EXERCISE
Could you copy exactly the lines from the one containing "Figur 1. Bockrot, Pimpinella" through the last line of the records, leaving out every picture?

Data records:
::::::::::

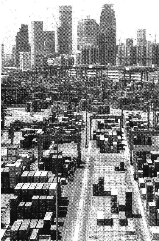
Welthandel gleich Reichtum – wie hier in Singapur? Die Rohstoffpreise sind rückläufig. (Bilder: Richard Gerster).

Sozialforscher haben ermittelt, dass in der Schweiz am meisten Spenden erhält, wer behinderten Kindern im Schweizer Berggebiet junge Blindenhunde schenkt. In diesem widrigen Umfeld möchten die
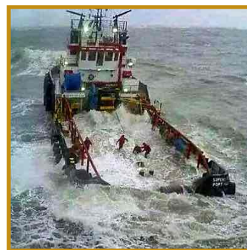
Navire supply qui "fait les ancres" (Running anchors) dans du temps moyen.

● La fin de vie d'un super tanker le "Front Driver" qui s'échoue volontairement sur la plage d'un chantier de démolition près de Karachi au Pakistan, le travail de démantèlement (v. 20'41") : https://tinyurl.com/ybw6okkg
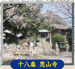
十八番 恩山寺 小松島市郊外、寺の裏山一帯は恩山寺自然公園で、展望台からの風景は素晴らしい。境内には多くの桜が植えられ、花見時には参詣の花見客で賑わう。
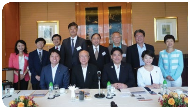
與日本香港友好議員連盟代表團見面
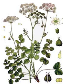
Figur 1. Bockrot, Pimpinella saxifraga . Wikipedia/Köhlers Medizinale-Pflanzen.
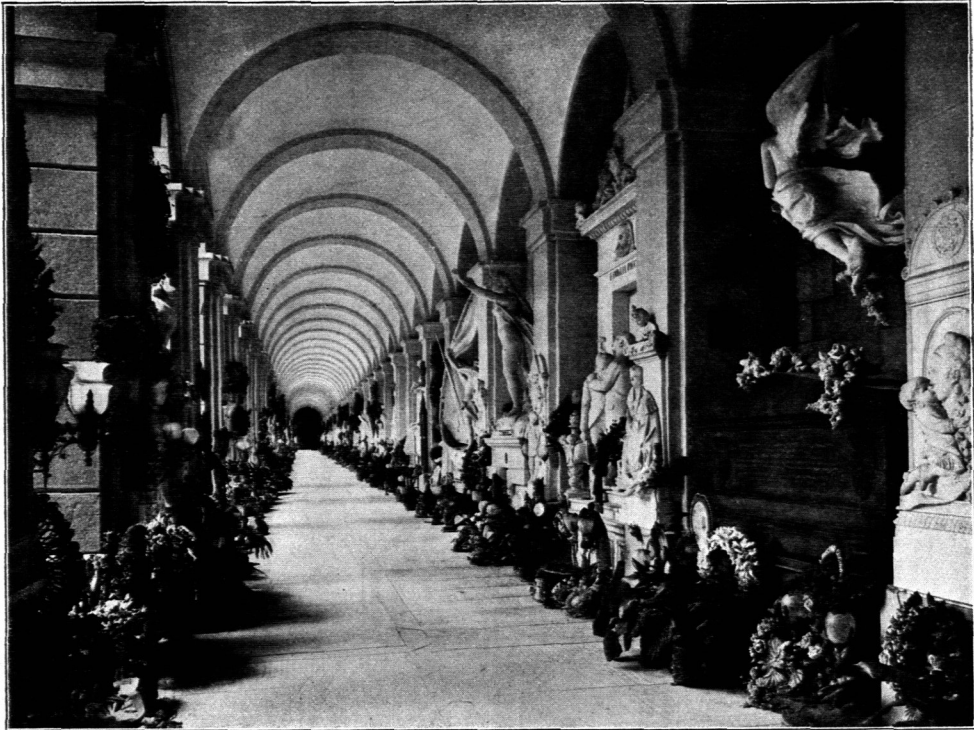
Innenansicht der Hallenbauten.
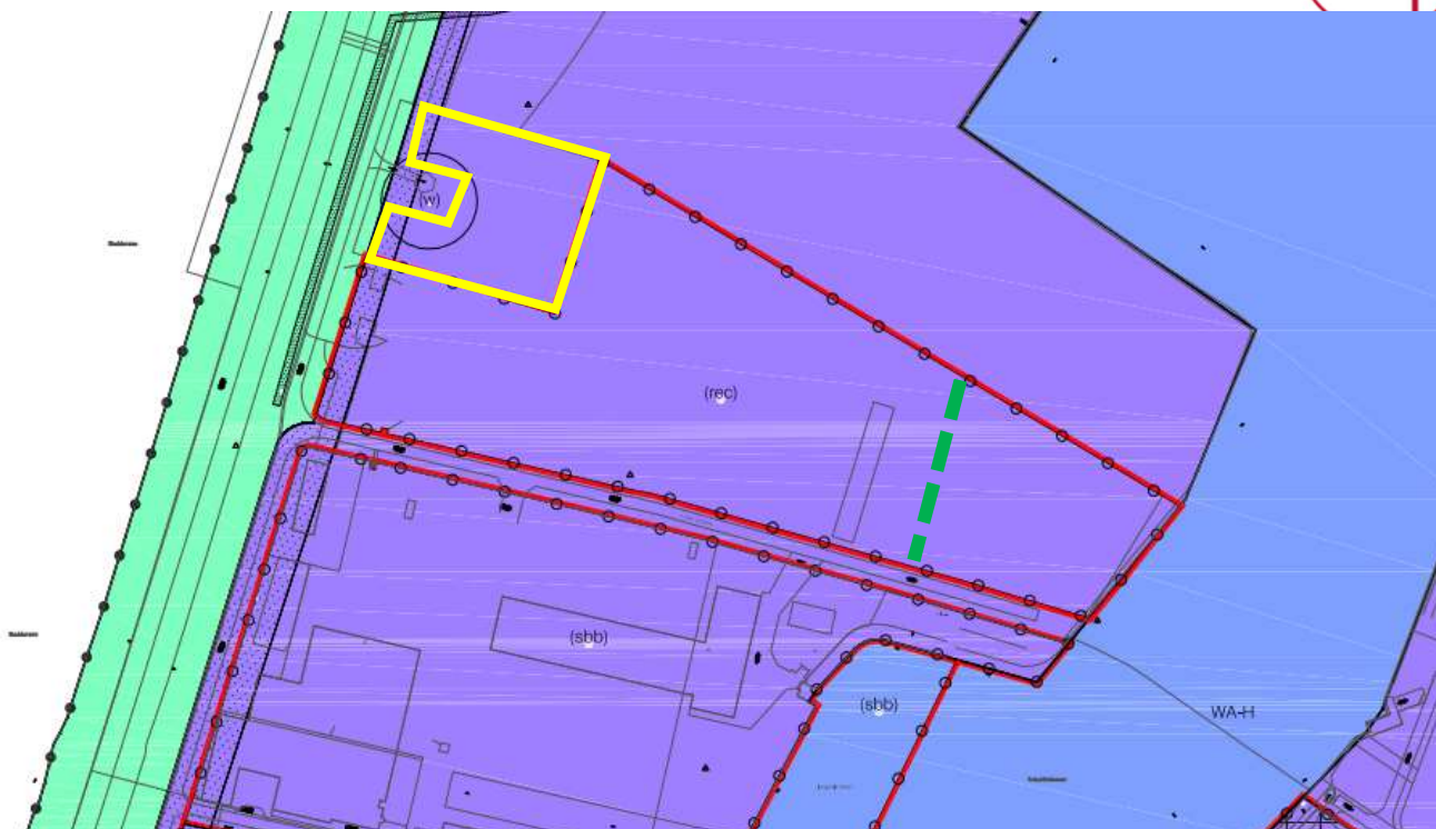
Figuur 1.2 Uitsnede plankaart (geel globale projectie DDI)

Op het bedrijventerrein zijn activiteiten tot en met categorie 4.2 uit bijlage 1 bij het bestemmingsplan toegestaan, voor zover het betreft zeehavengebonden bedrijven. Op grond van dit plan is een maximale bouwhoogte van 20 meter direct toegelaten en is een vrijstellingsbevoegdheid opgenomen tot 40 meter. De dubbel functie waterstaat geldt voor een reserveringsstrook zeewering. Hier geldt een aanlegstelsel voor uitvoering van werkzaamheden.

::::::::::

THE COMPLETED TASK
Figur 1. Bockrot, Pimpinella saxifraga . Wikipedia/Köhlers Medizinale-Pflanzen.
Innenansicht der Hallenbauten.
Figuur 1.2 Uitsnede plankaart (geel globale projectie DDI)

Op het bedrijventerrein zijn activiteiten tot en met categorie 4.2 uit bijlage 1 bij het bestemmingsplan toegestaan, voor zover het betreft zeehavengebonden bedrijven. Op grond van dit plan is een maximale bouwhoogte van 20 meter direct toegelaten en is een vrijstellingsbevoegdheid opgenomen tot 40 meter. De dubbel functie waterstaat geldt voor een reserveringsstrook zeewering. Hier geldt een aanlegstelsel voor uitvoering van werkzaamheden.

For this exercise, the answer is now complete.